When the SIM-card in inserted, power button pressed and box is up and running, it connects automatically to internet. It distributes an IP-address to any client devices and enables the management web-console. It looks like this:

There is a decent selection of langauges for the GUI:

And the top right corner status indicator is good one:

It provides a lot of information without need to login. This is what it looks like once in:

There is no need to look for Wi-Fi settings. They are right there after a login. In general I really love their approach, lot of useful features and really well thought web-GUI implemented. Also the existence of 5 GHz WLAN tells about a modern design. A while ago only 2,4 GHz existed in routers such as this.

The Internet connection details are:

APN I didn't touch, it just worked. Network mode (2G/3G/4G) may be necessary if reception has issues. The most important thing is, that this box has a built-in freq lock in it. No need of hacking or any quirks. This is by far the most commonly asked question nowadays, how do you lock B593 into a frequency. With this el-cheapo box, setting is right there! Nice.
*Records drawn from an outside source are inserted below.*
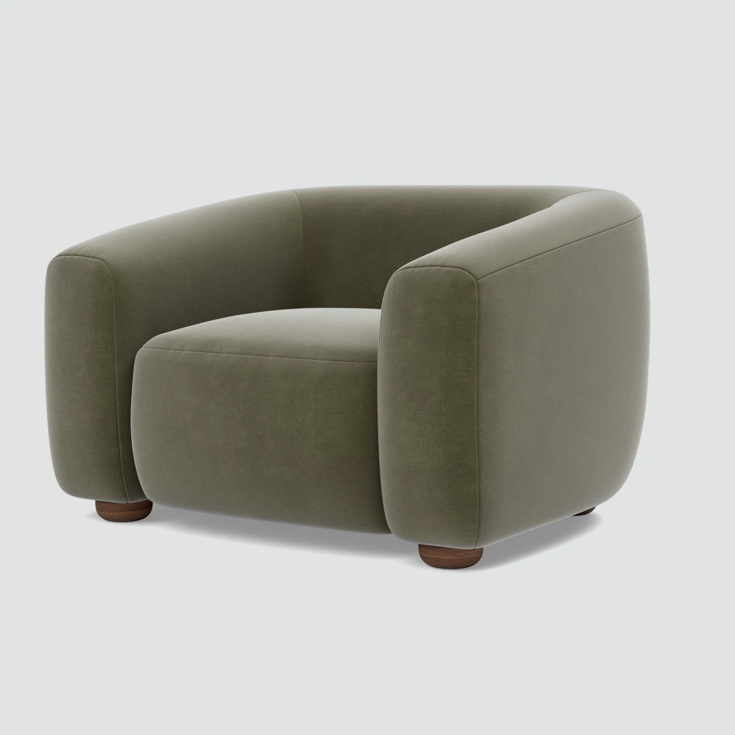 Lounge-worthy comfort meets elevated design in this modern accent chair. Designed with an extra roomy seat and high-resiliency foam, this chair invites you to curl up and lounge a little longer. With your choice of upholstery and natural wood detailing, go on and design the reading nook of your dreams.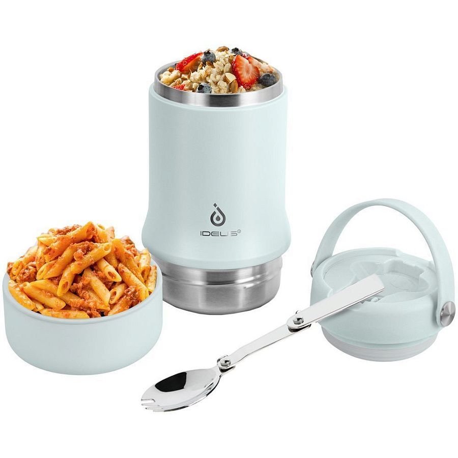 Tabenodo — универсальный многофункциональный термос для работы, школы, похода и путешествия. В компактном корпусе разместились ложка, тарелка и емкость для любимого блюда. Матовая поверхность приятна на ощупь, а силиконовая ручка удобна для переноски.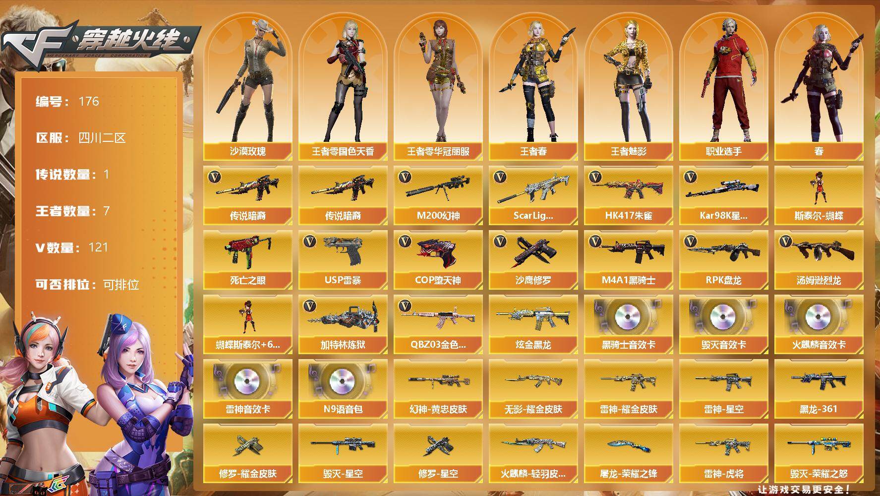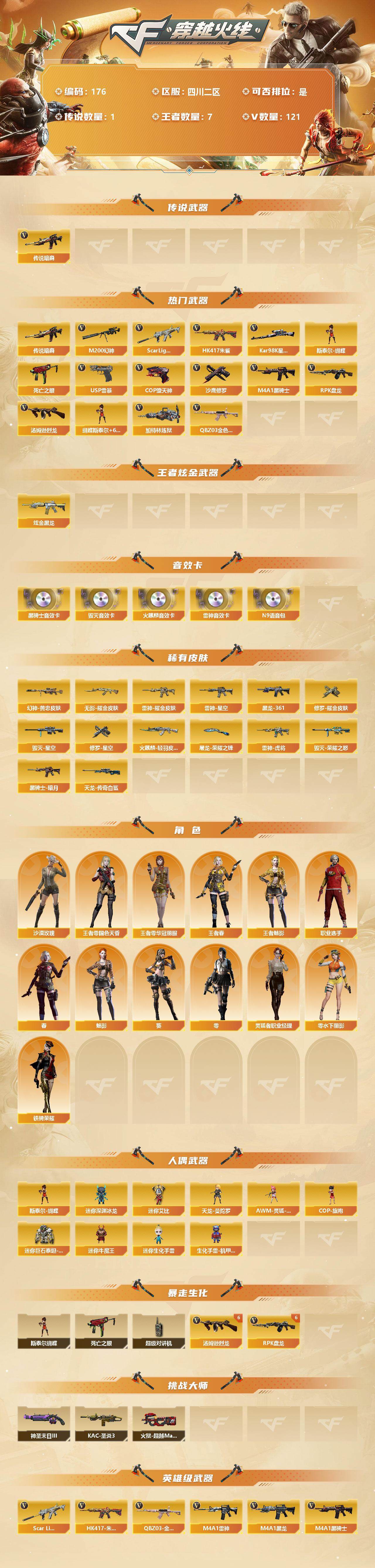 [12737266]四川二区-121V-7王者-2炫金 【传说武器】:传说暗裔 【热门武器】:传说暗裔,QBZ03-金色蔷薇,Scar Light-白虎,HK417-朱雀,M200-幻神,死亡之眼,Kar98K-星神,M4A1-黑骑士,汤姆逊-烈龙*7,RPK-盘龙*6,加特林-炼狱*2,斯泰尔-蝴蝶,USP-雷暴*2,COP-堕天神,沙鹰-修罗*3 【王者炫金武器】:炫金黑龙*2 【音效卡】:AK47-火麒麟音效卡,M4A1-雷神音效卡,M4A1-黑骑士音效卡,Barrett-毁灭音效卡,N9语音包 【稀有皮肤】:M200-幻神-黄忠皮肤,雷神-星空,雷神-虎将,雷神-耀金皮肤,火麒麟-轻羽皮肤,黑骑士-暗月,M4A1-黑龙-361,毁灭-荣耀之怒,毁灭-星空,AWM-天龙-传奇白鲨,无影耀金皮肤,修罗耀金皮肤,修罗-星空,屠龙-荣耀之锋 【角色】:王者零-华冠丽服,王者-零-国色天香,王者春,王者-魅影,灵狐者-职业经理,零-水下丽影,零,葵,魅影,春,沙漠玫瑰,铁骑荣耀,职业选手 【人偶武器】:斯泰尔-蝴蝶,天龙-曼陀罗,AWM-灵狐-15周年嘉年华,COP-旗袍,迷你深渊冰龙,迷你艾比,迷你巨石泰坦-魔花研究所,迷你牛魔王,迷你生化手雷,生化手雷-机甲核心 【暴走生化】:斯泰尔-蝴蝶,死亡之眼,超级对讲机 【挑战大师】:神圣爆裂者-末日III,KAC-圣炎切割者III,火狱乱世-超越Max 【英雄级武器】:Barrett-电竞装甲,柯尔特-电竞装甲*2,尼泊尔-电竞装甲,破空枪刃-夜魔,COP-堕天神,AK47-雷暴,USP-雷暴*2,斩神刀-雷暴,M4A1-武圣,Glock18-武圣,QBZ03-金色蔷薇,Scar Light-白虎,HK417-朱雀,M4A1-雷神,M4A1-黑龙,M4A1-黑骑士,RPK-盘龙*6,加特林-炼狱*2,汤姆逊-烈龙*7,AK47-无影,AK47-火麒麟,AK12-天启,AN94-超新星,AWM-天龙*2,Barrett-毁灭,Barrett-极光,M4A1-龙血,AA-12-雷霆,Kar98K-星神,Barrett-朱雀*2,M200-幻神,M4A1-千变,黑骑士-海王,沙鹰-天神*5,沙鹰-修罗*3,麒麟刺,擎天*2,龙啸*5,屠龙*3 【特殊枪械】:蝴蝶斯泰尔+6烈龙,1白虎,1黑骑士,6烈龙,6盘龙,2炼狱,1蝴蝶斯泰尔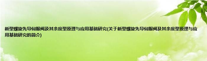 本文关于新型螺旋先导伺服阀及其余度型原理与应用基础研究的简介就讲解完毕,希望对大家有所帮助。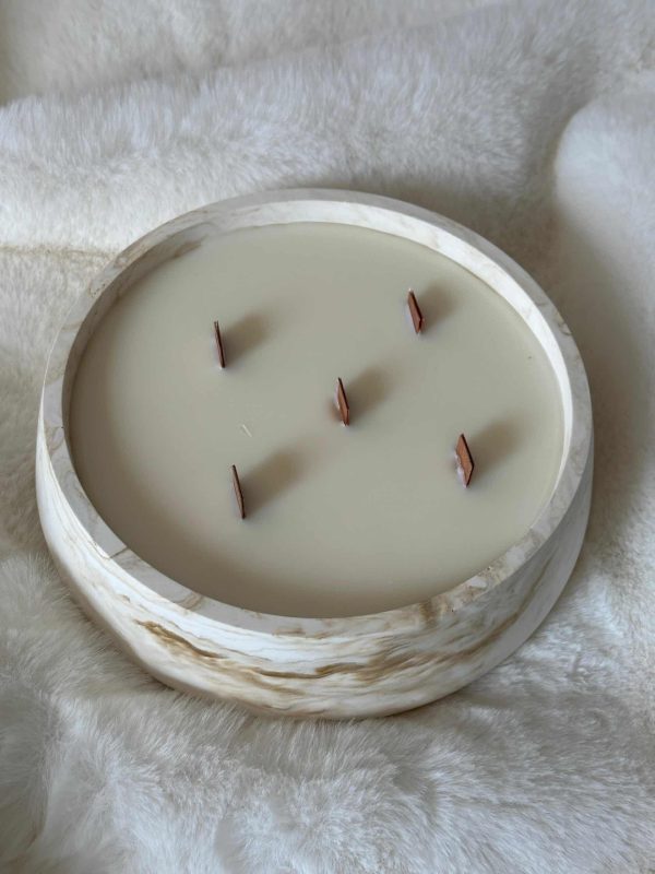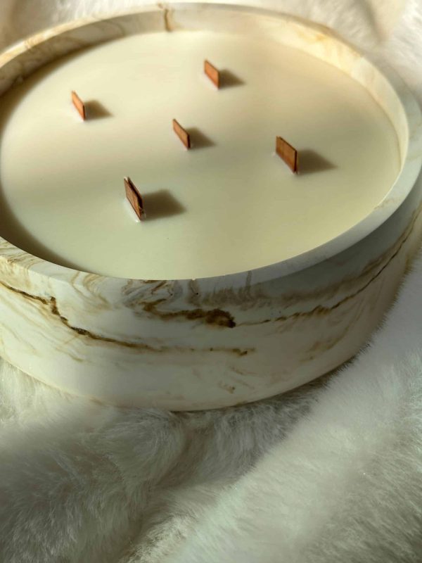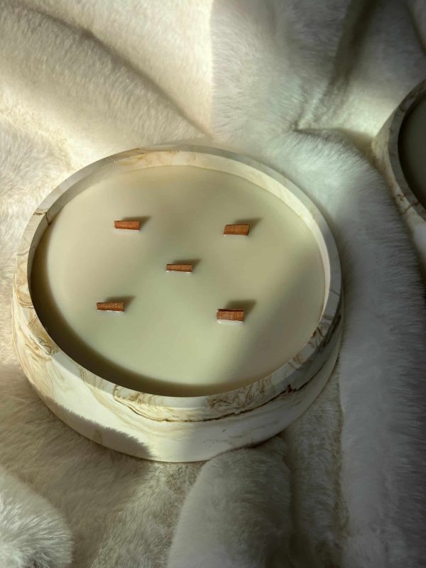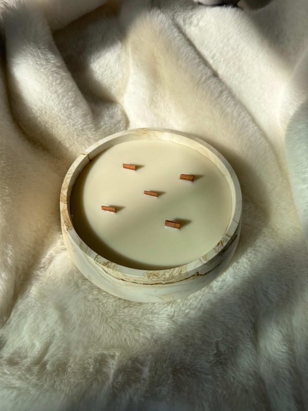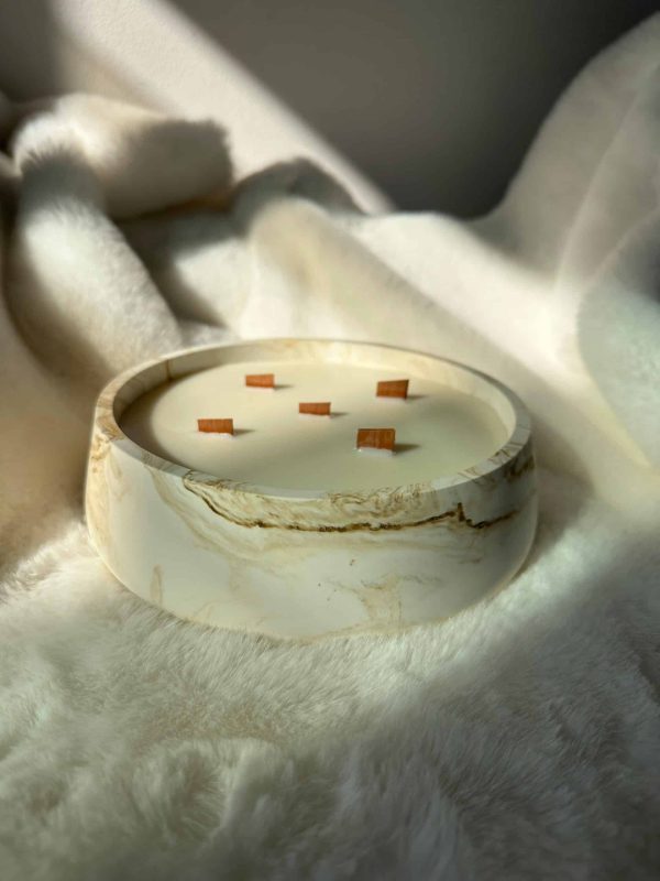 נר שמגיע בתוך כלי ייחודי בצבע לבן עם נגיעות של שמנת חום, משדר מראה חם ומודרני במקביל והופך כל חלל לאלגנטי ומזמין.

I also love the status screens:

Lot of relevant information right at your screen! This is exactly what everybody else should be doing. Unfortunately the network status screen is optimized heavily for LTE-connections and on UMTS it won't tell much.

As a conclusion I have to recommend this cheaply built piece of plastic for any router needs. It certainly is worth the money and has just the right features in it. The only thing that worries me is the constant charging: will it survive future years? I don't care if the thing wouldn't run from the battery, but will the charger alone be enough to run it?